Myrton’s treatments, meanwhile, which worked with more subtlety and were often bitter medicine, fell into disfavor. His resources were stripped away when the Seers convinced Thesera to build up Bel Amica’s militia as if it were wartime. He sank into seclusion in dark rooms, his spirits enfeebled by the loneliness of rejection.

Now the Seers, with the help of their champion, Captain Ryllion, were
on a campaign to capture and train the beastmen. Ryllion would slay any Cent Regus he could not reform into obedient dogs.

This morning the sight of the greenhouse troubled her. Suddenly she was not so eager to go see her mother. She took the dogs on a walk full circle around the tower and paused to gaze out over the Rushtide Inlet.

The horizon was marked by the sails of Bel Amican ships as they moved through the inlet.

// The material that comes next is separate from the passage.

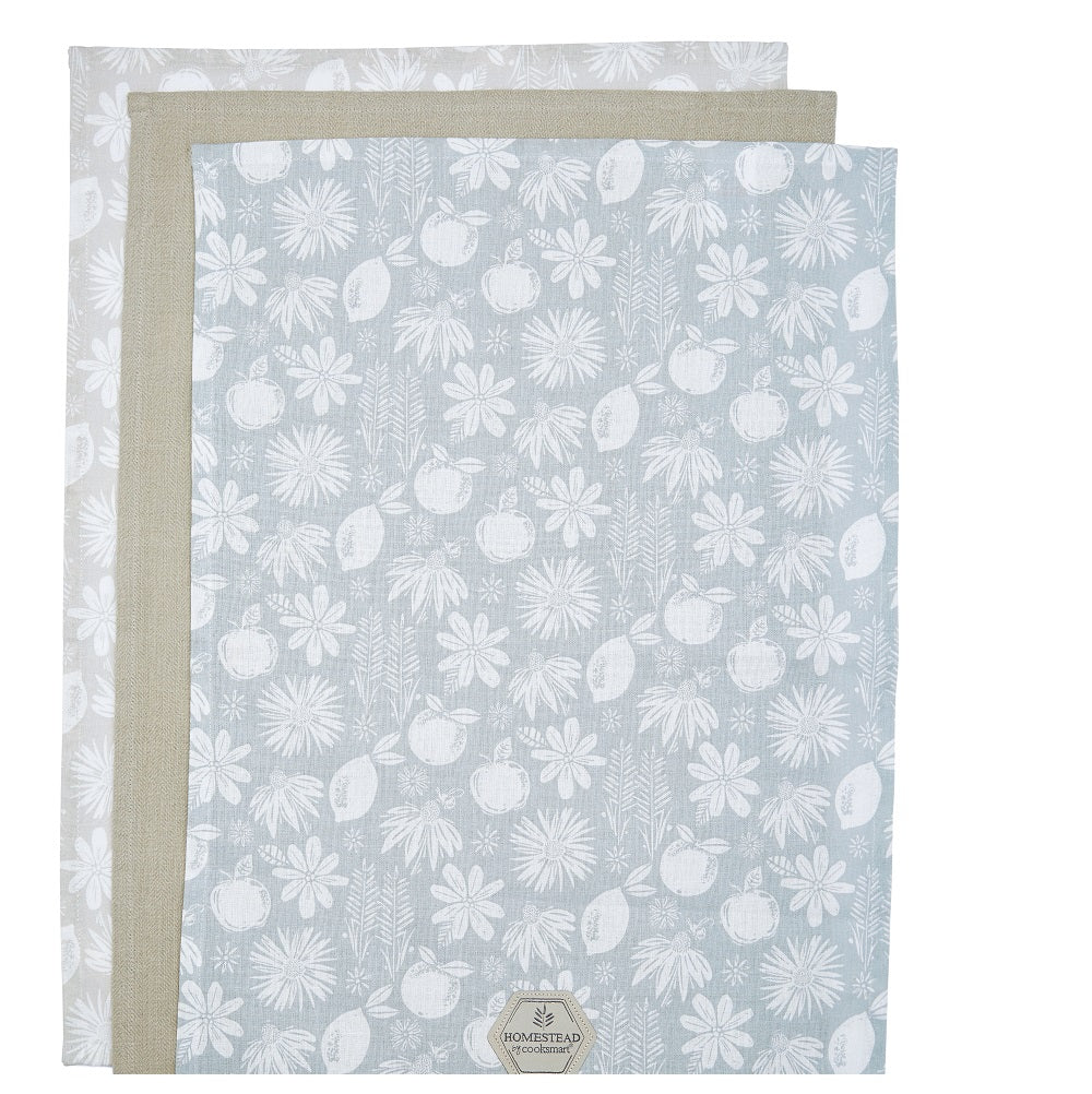 The Homestead TT2362 3 Pack Tea Towels are a set of three kitchen towels that are perfect for everyday use. The towels are made from 100% cotton and are machine washable. They are also highly absorbent and durable, making them ideal for drying dishes, wiping down surfaces, and protecting your hands from hot pots and pans.
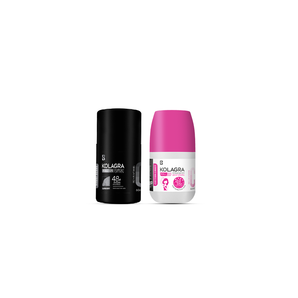 Experience long-lasting freshness together with the Kolagra Deodorant Roll-On Bundle, designed specifically for both men and women. This dual pack includes one deodorant roll-on for him and one for her, ensuring 24-hour protection against sweat and odor.

When they reached the Mystery Sea, their sails leaned, buffeted by the wind. The ocean, always temperamental, permitted their passage begrudgingly.

Watching that distant drama, Cyndere felt a strong kinship with the sailors. “Deuneroi,” she whispered, “I need your help today.”

Released, the dogs shot through the purple curtains, claws clicking and scraping up the stone stairs, yelping their way into the queen’s receiving chamber.

The strong, honeyed scent of incense told Cyndere that her mother was not alone.

Stepping into the large, round room, she kicked off her silver-scale slippers so she could feel the thick red woolen carpet underfoot. Reflections welcomed her, mirrors framed in gaudy gold, catching and casting the light that filtered in through the domed glass ceiling.